Minister of Foreign Affairs
- In office 19 June 2008 – 11 June 2020
- Premier: Himself
- Preceded by: Young Vivian
- Succeeded by: Dalton Tagelagi

Minister of Finance
- In office 1 May 2002 – 16 May 2005
- Premier: Young Vivian
- Succeeded by: Young Vivian

Member of the Niue Assembly for Common roll
- In office 19 March 1999 – 30 May 2020

Personal details
- Born: Toke Tufukia Talagi 9 January 1951 Alofi, Niue
- Died: 15 July 2020 (aged 69) Alofi, Niue
- Party: Independent
- Spouse: Emeline Fifitaloa
- Children: Sonya Talagi
- Education: Nelson College Massey University

= Toke Talagi =

Premier of Niue from 2008 to 2020

Sir Toke Tufukia Talagi (/ˈtoʊkə ˈtɑːlʌŋi/ TOH-kə-_-TAH-lung-ee; 9 January 1951 – 15 July 2020) was a Niuean politician, diplomat, and statesman. He served as Premier of Niue from 2008 to 2020.

In 1999, he was elected to the Niue Assembly as an Independent. He was elected premier in the 2008 general election. During his tenure as premier, he was also Minister of Foreign Affairs. He unsuccessfully ran for a fifth-term in 2020 and was subsequently replaced by Dalton Tagelagi. Prior to becoming Premier, Talagi was Minister of Finance from 2002 until 2005.

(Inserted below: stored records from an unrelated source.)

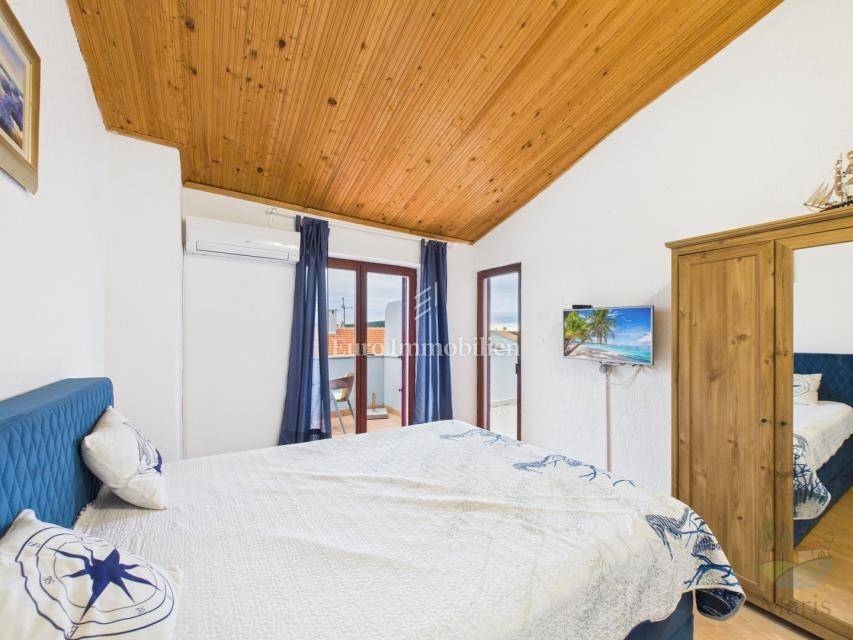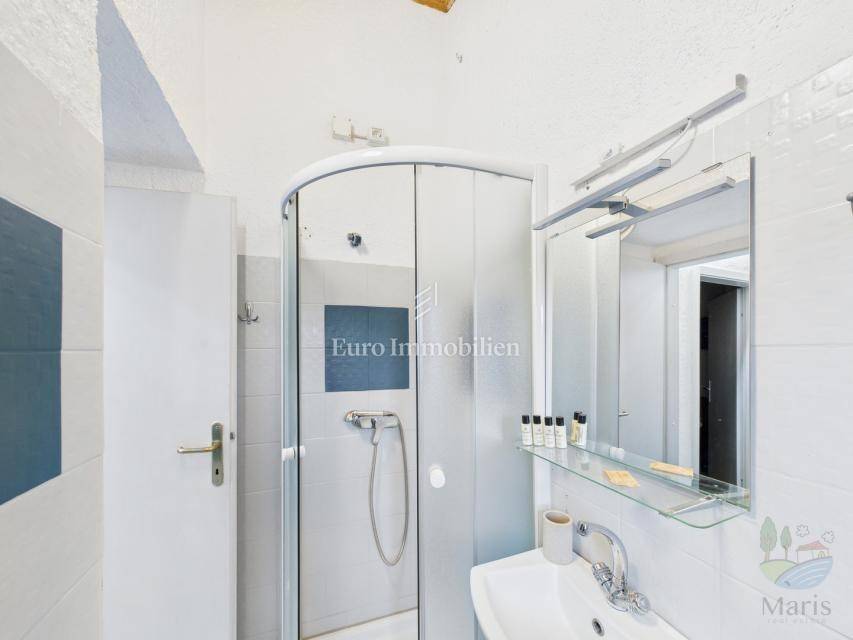 Located in a quiet area of Medulin, just 350 meters from the sea and 900 meters from a well-known sandy beach, this house offers four separate apartments – a perfect combination for living, vacation, and investment. The house has a total area of 207 m², spreads over three floors, and consists of: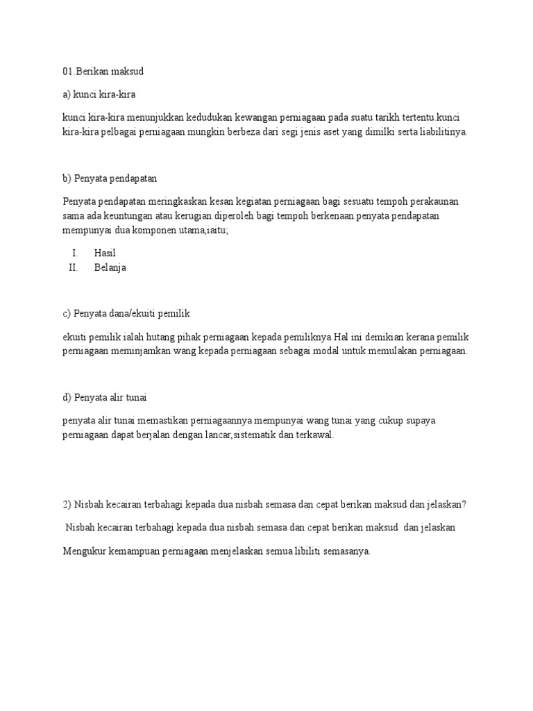 Contextual translation of kunci kira kira format into english. Balance sheet, about %s left, trial balance, kunci kirakira. Kunci kira ringgitt, shah alam, malaysia. Our spoiler tags work like this: ⬆️ bigger than all of me. Contoh modal, untung bersih, ambilan ekuiti pemilik terdiri daripada: Peniaga nazrol melaburkan rm 12 000 untuk memulakan perniagaan pada 1 november 2001. Latih tubi disediakan oleh en kairul smk tasek utara 2latihan (4)1. Modal yang disumbangkan oleh pemilik perniagaan b. Format pembentangan lembaran imbangan meskipun tiada reka bentuk lembaran imbangan pelaporan yang diperlukan terdapat dua format adat yang digunakan, format akaun dan format laporan. Artur_webb, 49 минут назад в date base. You can do the exercises online or download the worksheet as pdf. Kelebihan bentuk penyata berbanding dengan bentuk t ialah bentuk penyata dapat menunjukkan modal kerja, iaitu perbezaan antara aset semasa dengan liabiliti semasa.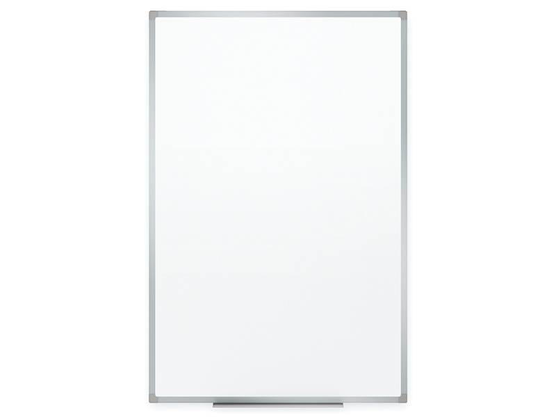 Magnetická tabule s bílým lakovaným povrchem Rozměr 90 x 60 cm Pro popis stíratelným fixem Odkládací lišta na fix Bezúdržbová - mazání za sucha Stylový hliníkový rám Šířka rámu 1,7 cm Světle šedé plastové rohy sladěné s rámem tabule Zadní stěna - hobra Montážní kit součástí balení Možnost montáže i ve vertikálním směru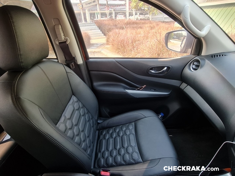 ในส่วนภายในเปิดประตูเข้ามาก็ต้องว้าวววว เพราะสิ่งที่สะดุดตาคือลายเบาะหนังที่แอบคิดในใจว่าเราจะมาขับกระบะจริงๆ หรือเนี่ย เพราะดูหรูหรา แปลกตากว่าที่เคยเห็นในกระบะรุ่นอื่นๆ เบาะเป็นหนังอย่างดี แถมเบาะคู่หน้ายังออกแบบด้วยนวัตกรรม Zero Gravity ทำให้สามารถรองรับกับแนวกระดูกสันหลัง ตามหลักสรีรศาสตร์ รวมถึงยังเพิ่มความสะดวกด้วยที่วางแขนและแก้วน้ำด้านหลังอีกด้วย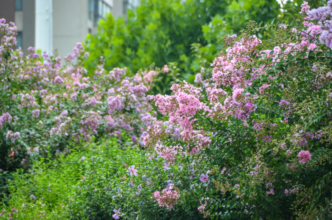 随着热力的渐强,硚口汉江湾江滩已切换至“夏日模式”,树木穿上葱茏的绿装,紫薇花成团成簇盛开,园内美景令人赏心悦目。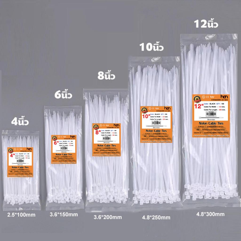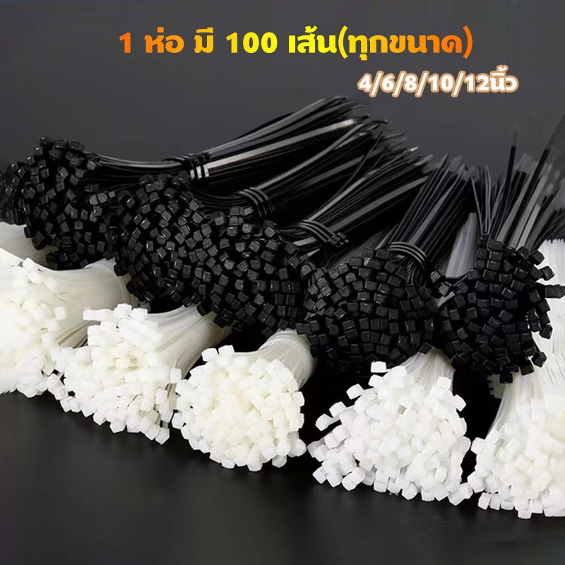 เคเบิ้ลไทร์ 100เส้น Cable Tie 4/6/8/10/12/14/16นิ้ว สายรัดไนล่อน หนวดกุ้ง สายเคเบิ้ลไทร์ Nylon Plastic ขายส่ง จังหวัดปท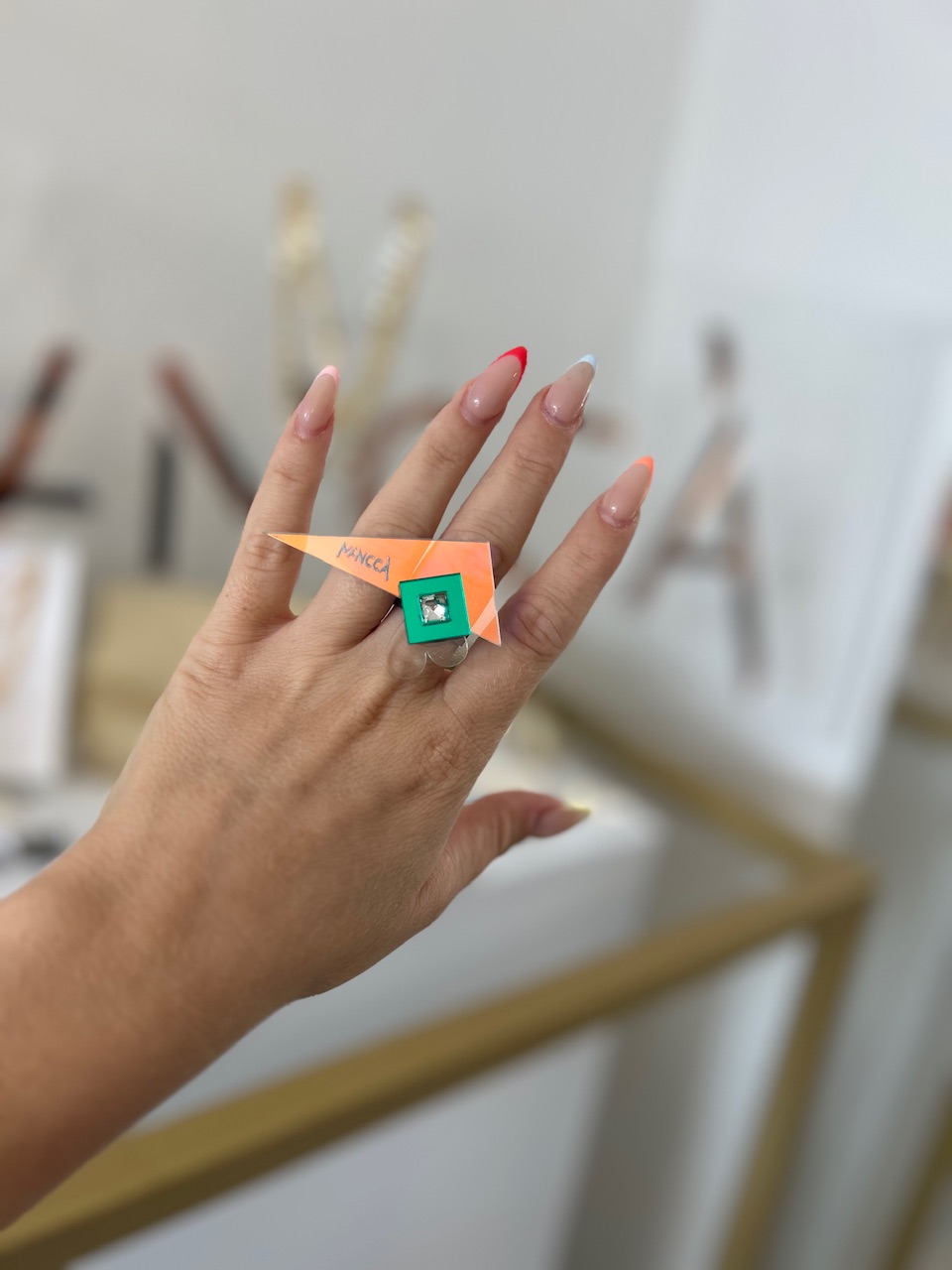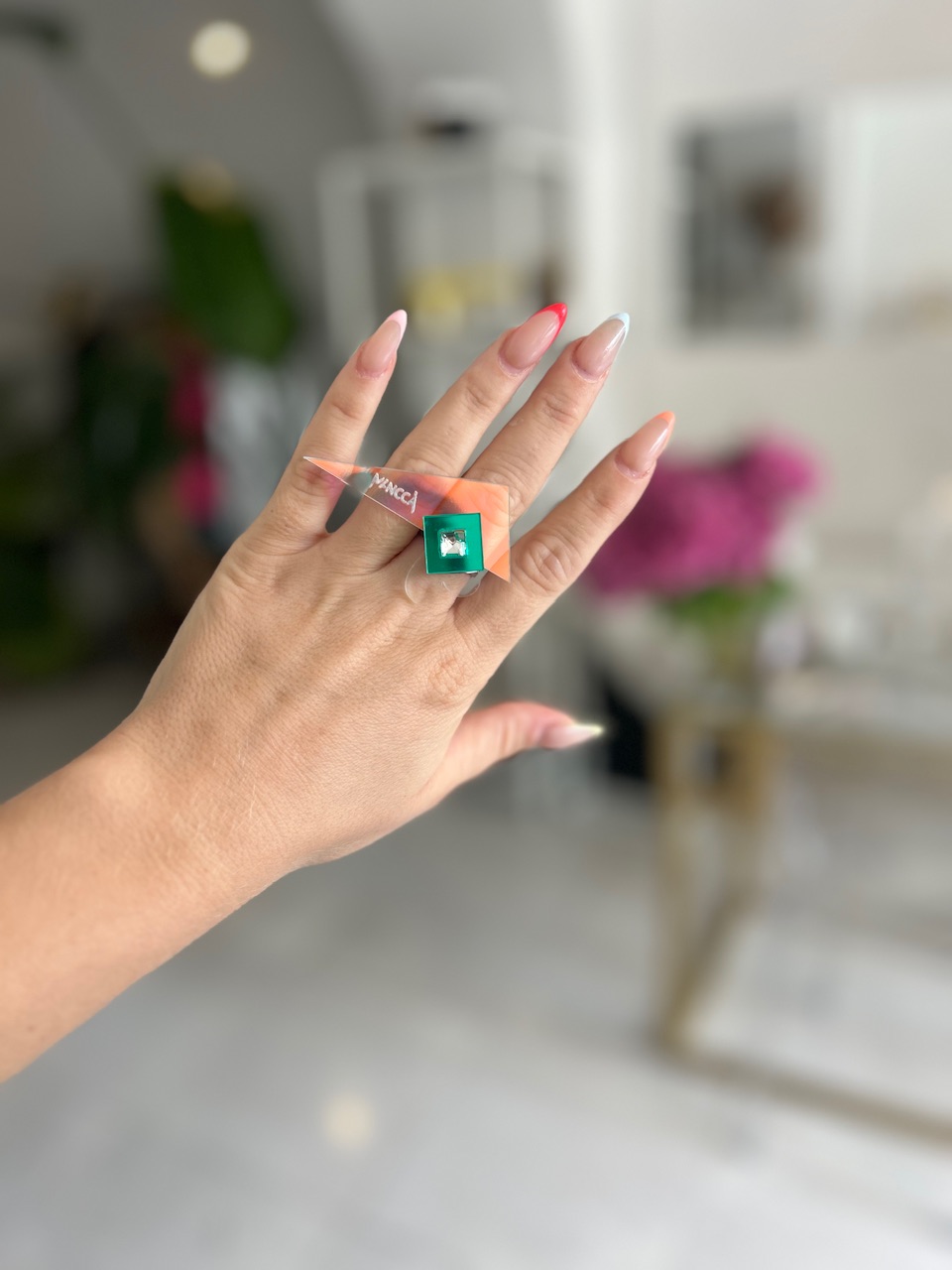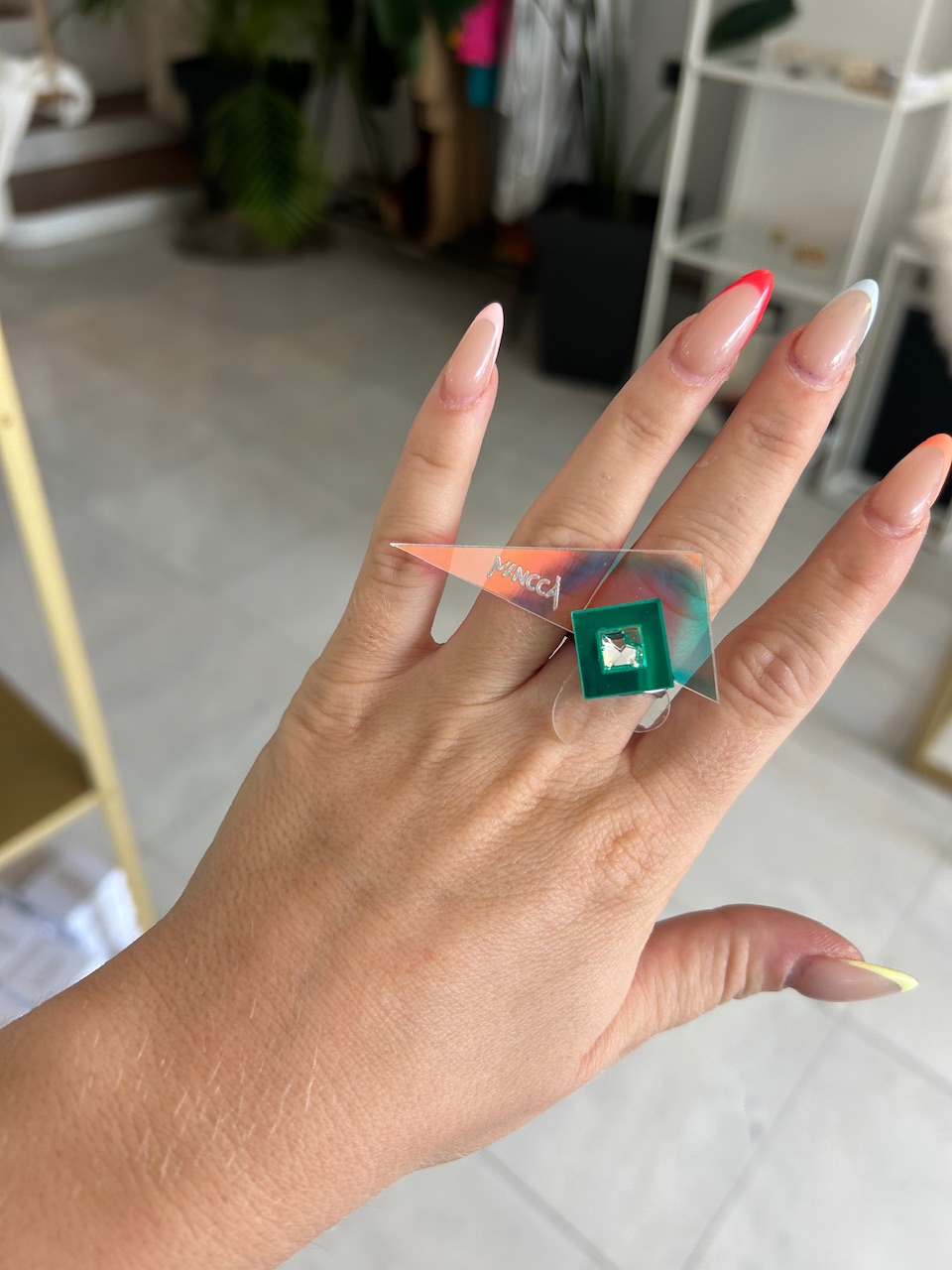 Kombinacija holograf, zelene in prozorne ter kristala, deluje zelo sveže! Prstan je kot nalašč za top stajliš kombinacije. Nor in eleganten statement kos, ki bo gotovo požel ogromno komplimentov. Izstopa z unikatnim dizajnom in kristali. Bodi drzna in si privošči drugačen kos nakita. Nora kombinacija je kot nalašč za poletne stajlinge.

In the 2017 New Year Honours, Talagi was appointed Knight Companion of the New Zealand Order of Merit (KNZM).

==Early life==
Talagi was born in Alofi and was educated at Tufukia School in Niue and Nelson College in New Zealand. He studied at Massey University in Palmerston North, where he completed a Bachelor of Agricultural Science. While there, he was elected president of the Pacific Island Students Association and organised protests against nuclear testing and racial discrimination. He married his wife, and they had their first child.

On returning to Niue he worked as a livestock development officer. In 1977 he became a member of the Alofi south Village Council. He later became president of the Niue Public Service Association, and from 1981 to 1984 he was Niue's first Consul General in Auckland. On his return to Niue he was appointed Director for Niue's Economic Affairs Office, and was responsible for major infrastructure development. After leaving the public service he became an airline and shipping agent. In 1992, he received a heart transplant, and spent the next several years living in New Zealand. In 1998 he became president of the Niue Rugby Football Union.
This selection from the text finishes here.